### Your instructions:
Verbatim repeat, images excluded. Give each entry again as written.

....

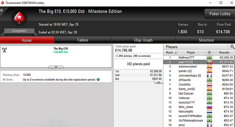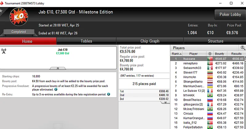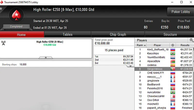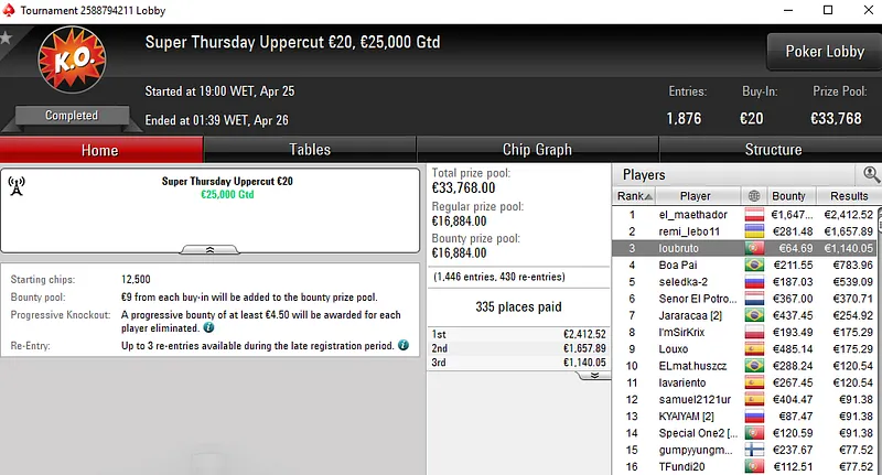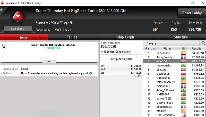 A fechar os destaques do dia temos luis sant133, outro dos tugas que garantiu um título na Super Thursday da PokerStars.pt. A vitória foi conquistada no Hook €30 após luis sant133 bater um field de 1.119 entradas para receber €3.793.
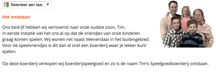Een persoonlijk verhaal op de "Over-ons-pagina" bij Tims speelgoedboerderij[/caption]
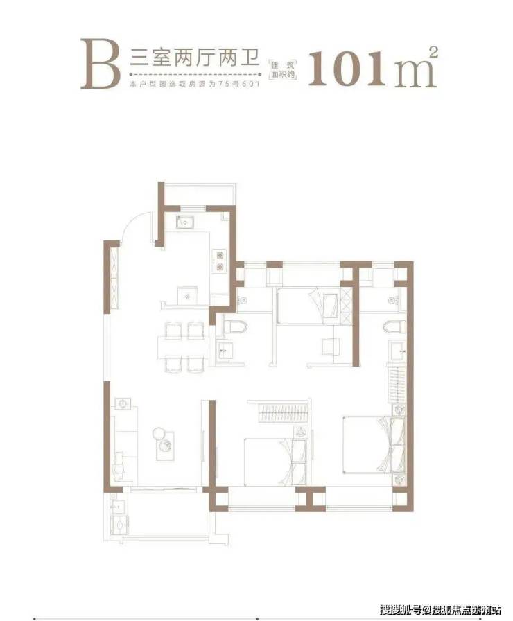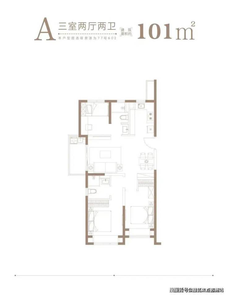 1、约101㎡均为3房2厅2卫,A、B户型分别是边套、中间套,满足不同人群的居住需求。
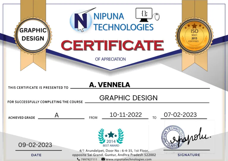 Our Graphics Designing Course training at Nipuna Technologies, Guntur, is designed with the latest industry standards, tools, and technology to help you become a professional graphic designer. Upon successful completion of the course, Nipuna Technologies will award an Industry-Recognized Graphics Designing Certification.
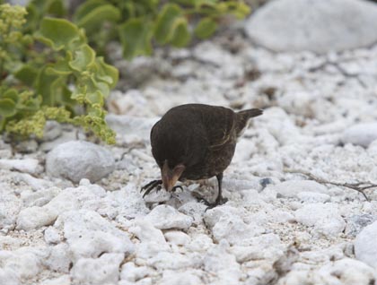 After breakfast we landed on a small beach for an amazing walk. All the animals were so close to us and their quantities were astonishing. Red mangroves are nesting sites for red-footed boobies and salt bushes are preferred for frigatebirds to nest and rest on. Here, the opuntia cacti grow as low bushes with soft, short spines because there are no giant tortoises or land iguanas to eat them. Almost at the very end of our walk, we found some very cute baby frigates.
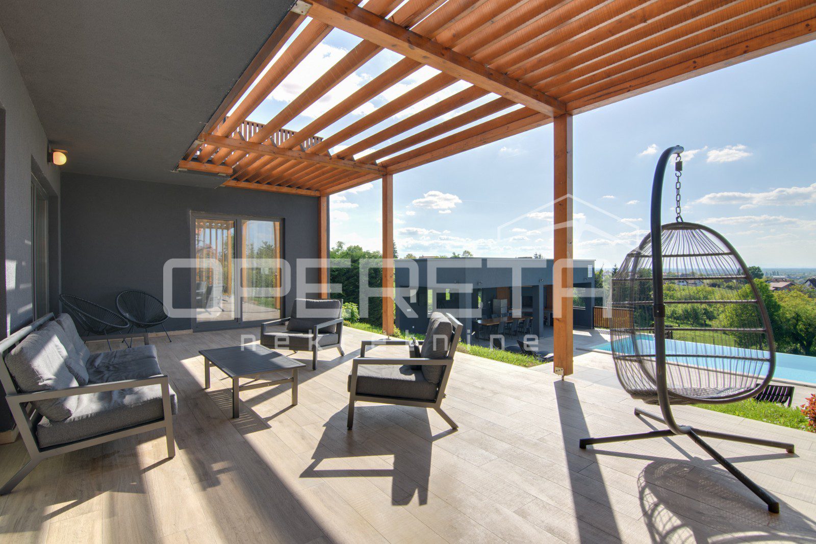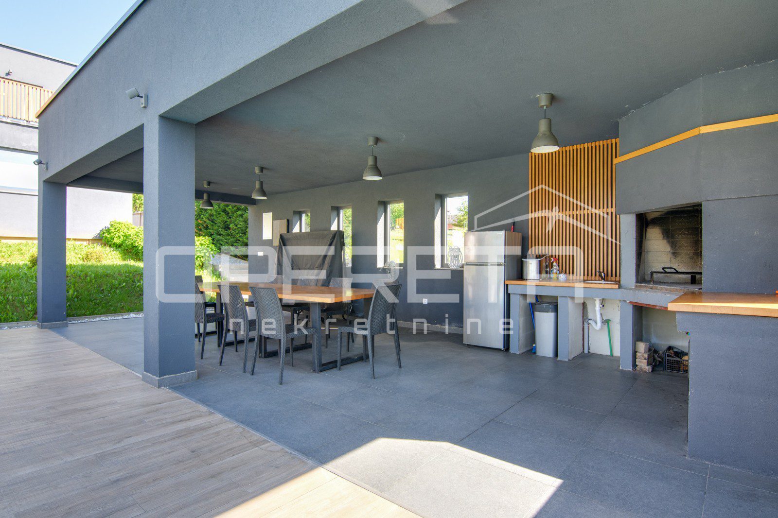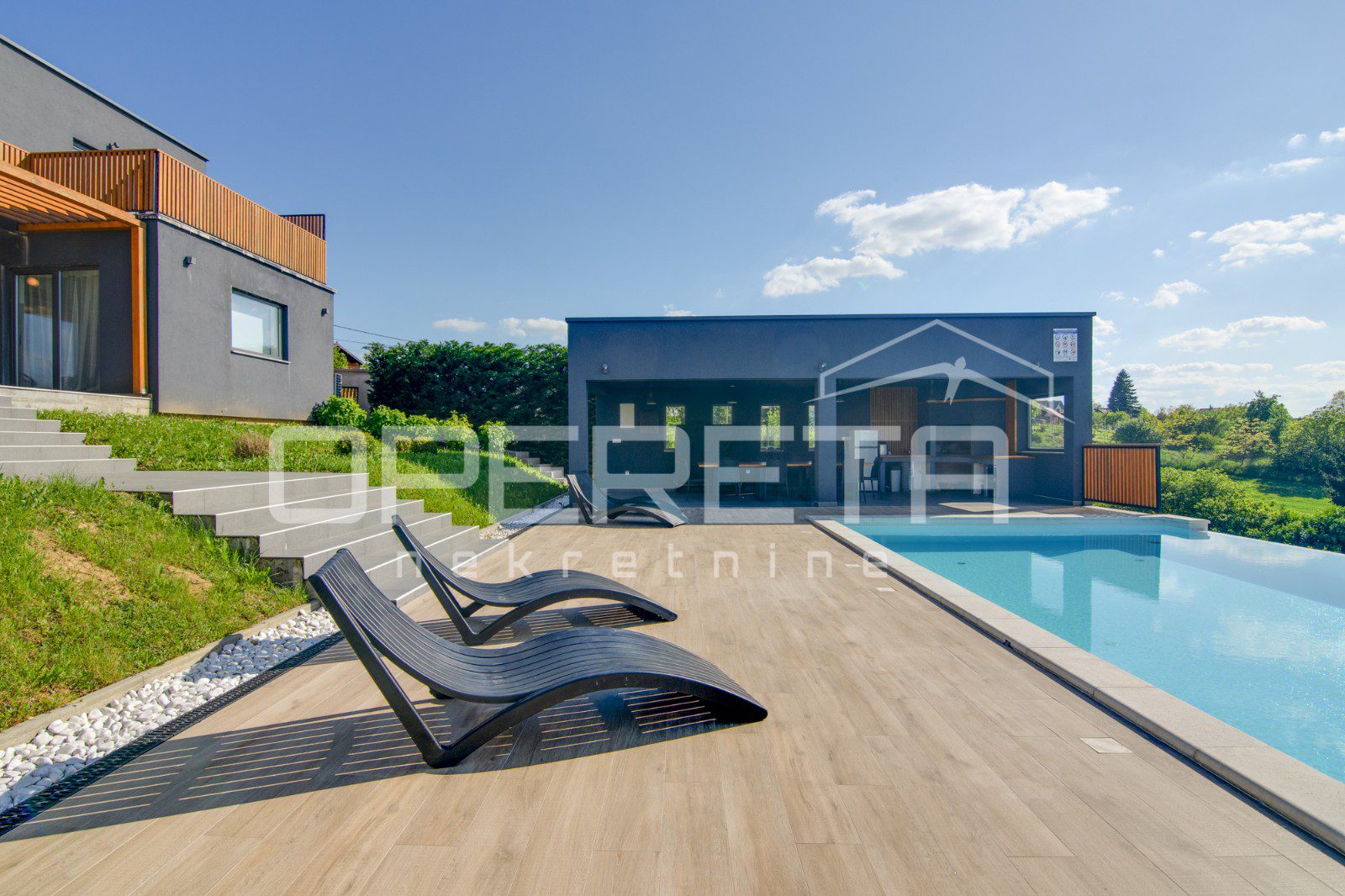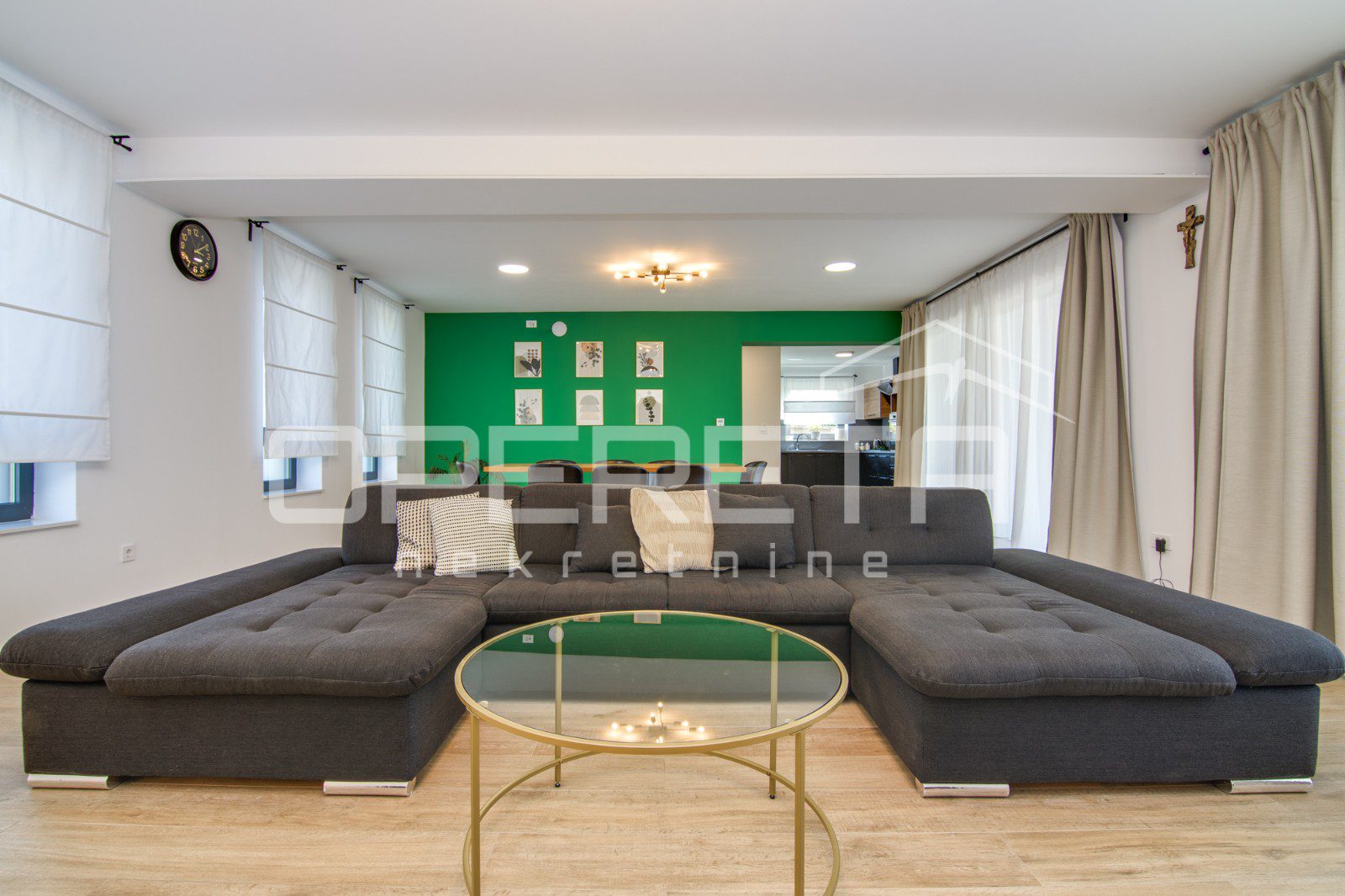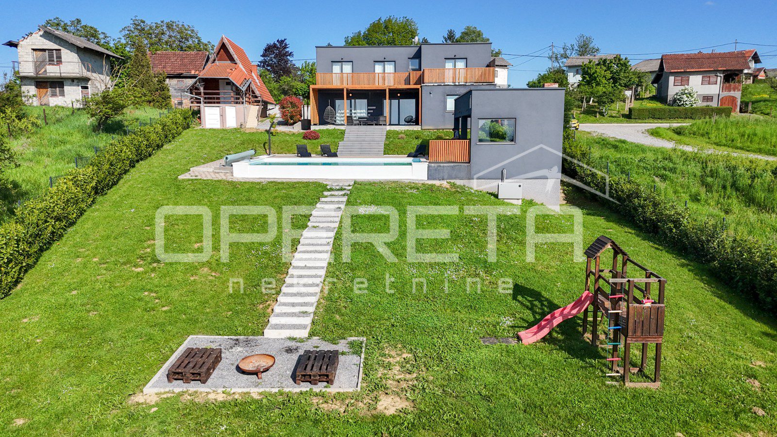Kuća je idealna za turistički najam, organizaciju proslava, eventa, djevojačkih i momačkih večeri, ali zbog izvrsnog rasporeda može biti i obiteljska kuća na par minuta pješice od bitnijih sadržaja za život(dućani, vrtić…). Prostrani interijer moderno uređen, hortikulturno uređeno dvorište sa otvorenim veeelikim pogledom u daljinu, pruža udobnost i eleganciju, vanjski prostor s bazenom poziva na opuštanje i uživanje u sunčanim danima stvarajući nezaboravne uspomene. PREPORUČUJEMO!!!

....

### Solution:
 A fechar os destaques do dia temos luis sant133, outro dos tugas que garantiu um título na Super Thursday da PokerStars.pt. A vitória foi conquistada no Hook €30 após luis sant133 bater um field de 1.119 entradas para receber €3.793.
Een persoonlijk verhaal op de "Over-ons-pagina" bij Tims speelgoedboerderij[/caption]
 1、约101㎡均为3房2厅2卫,A、B户型分别是边套、中间套,满足不同人群的居住需求。
 Our Graphics Designing Course training at Nipuna Technologies, Guntur, is designed with the latest industry standards, tools, and technology to help you become a professional graphic designer. Upon successful completion of the course, Nipuna Technologies will award an Industry-Recognized Graphics Designing Certification.
 After breakfast we landed on a small beach for an amazing walk. All the animals were so close to us and their quantities were astonishing. Red mangroves are nesting sites for red-footed boobies and salt bushes are preferred for frigatebirds to nest and rest on. Here, the opuntia cacti grow as low bushes with soft, short spines because there are no giant tortoises or land iguanas to eat them. Almost at the very end of our walk, we found some very cute baby frigates.
Kuća je idealna za turistički najam, organizaciju proslava, eventa, djevojačkih i momačkih večeri, ali zbog izvrsnog rasporeda može biti i obiteljska kuća na par minuta pješice od bitnijih sadržaja za život(dućani, vrtić…). Prostrani interijer moderno uređen, hortikulturno uređeno dvorište sa otvorenim veeelikim pogledom u daljinu, pruža udobnost i eleganciju, vanjski prostor s bazenom poziva na opuštanje i uživanje u sunčanim danima stvarajući nezaboravne uspomene. PREPORUČUJEMO!!!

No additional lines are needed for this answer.